The ISLR2 library contains another dataset: Carseats. We will try to estimate or predict the number of child seat sales in 400 different locations based on several predictors.
## Sales CompPrice Income Advertising Population Price ShelveLoc Age Education
## 1 9.50 138 73 11 276 120 Bad 42 17
## 2 11.22 111 48 16 260 83 Good 65 10
## 3 10.06 113 35 10 269 80 Medium 59 12
## 4 7.40 117 100 4 466 97 Medium 55 14
## 5 4.15 141 64 3 340 128 Bad 38 13
## 6 10.81 124 113 13 501 72 Bad 78 16
## Urban US
## 1 Yes Yes
## 2 Yes Yes
## 3 Yes Yes
## 4 Yes Yes
## 5 Yes No
## 6 No Yes
This dataset contains categorical variables or qualitative predictors like Shelveloc, an indicator for the quality of the position of car seats inside the store. The predictor Shelveloc takes on three different categories: Good, Medium, and Bad. While fitting the model, R will automatically create dummy variables for these categories in the qualitative predictor.

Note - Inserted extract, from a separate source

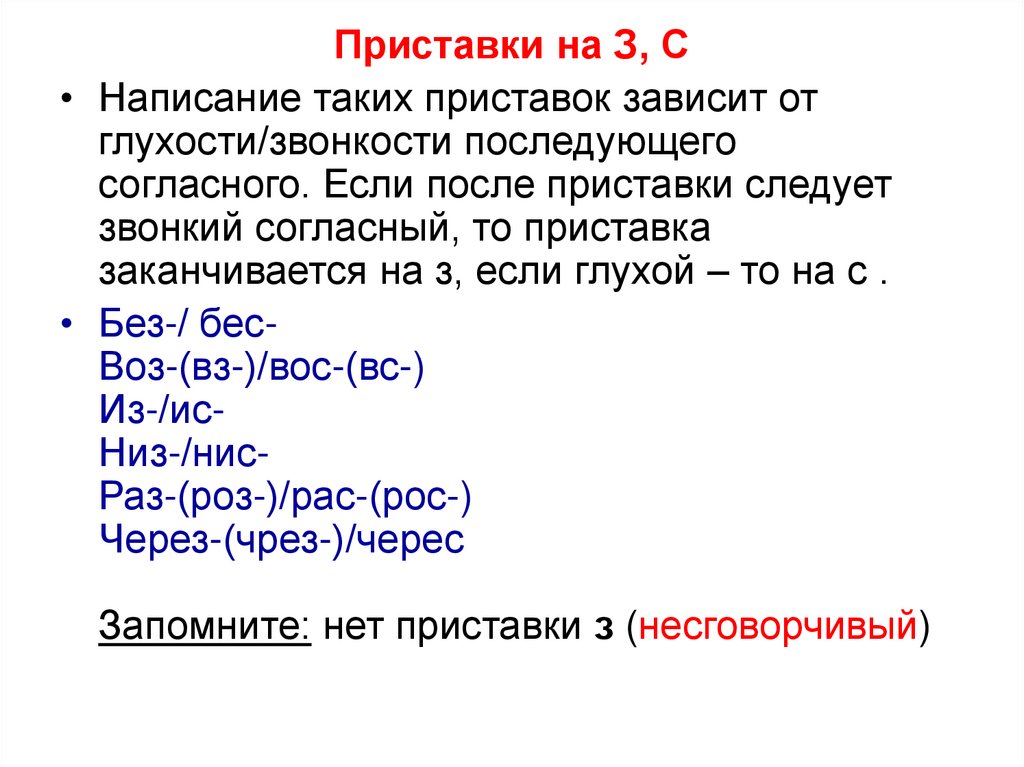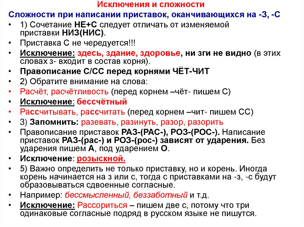 Исключения и сложностиСложности при написании приставок, оканчивающихся на -З, -С

We will fit a regression model with all the variables including a couple of interaction terms as well to incorporate the synergy effect.
##
## Call:
## lm(formula = Sales ~ . + Income:Advertising + Price:Age, data = Carseats)
##
## Residuals:
## Min 1Q Median 3Q Max
## -2.9208 -0.7503 0.0177 0.6754 3.3413
##
## Coefficients:
## Estimate Std. Error t value Pr(>|t|)
## (Intercept) 6.5755654 1.0087470 6.519 2.22e-10 ***
## CompPrice 0.0929371 0.0041183 22.567 < 2e-16 ***
## Income 0.0108940 0.0026044 4.183 3.57e-05 ***
## Advertising 0.0702462 0.0226091 3.107 0.002030 **
## Population 0.0001592 0.0003679 0.433 0.665330
## Price -0.1008064 0.0074399 -13.549 < 2e-16 ***
## ShelveLocGood 4.8486762 0.1528378 31.724 < 2e-16 ***
## ShelveLocMedium 1.9532620 0.1257682 15.531 < 2e-16 ***
## Age -0.0579466 0.0159506 -3.633 0.000318 ***
## Education -0.0208525 0.0196131 -1.063 0.288361
## UrbanYes 0.1401597 0.1124019 1.247 0.213171
## USYes -0.1575571 0.1489234 -1.058 0.290729
## Income:Advertising 0.0007510 0.0002784 2.698 0.007290 **
## Price:Age 0.0001068 0.0001333 0.801 0.423812
## ---
## Signif. codes: 0 '***' 0.001 '**' 0.01 '*' 0.05 '.' 0.1 ' ' 1
##
## Residual standard error: 1.011 on 386 degrees of freedom
## Multiple R-squared: 0.8761, Adjusted R-squared: 0.8719
## F-statistic: 210 on 13 and 386 DF, p-value: < 2.2e-16
We can see, R has created a dummy variable ShelvelocGood that takes on a value of 1 if the location is good inside the store and another dummy variable ShelvelocMedium that is 1 for the medium location and 0 otherwise. The bad shelving location is serving as the reference and equal to zero for each of the two dummy variables created. The coefficient of the ShelvelocGood in the fitted linear model is good indicating a higher sale for the good location. The coefficient for ShelvelocMedium is low but still positive indicating a lower sale than the good location but still higher sale than a bad shelving location.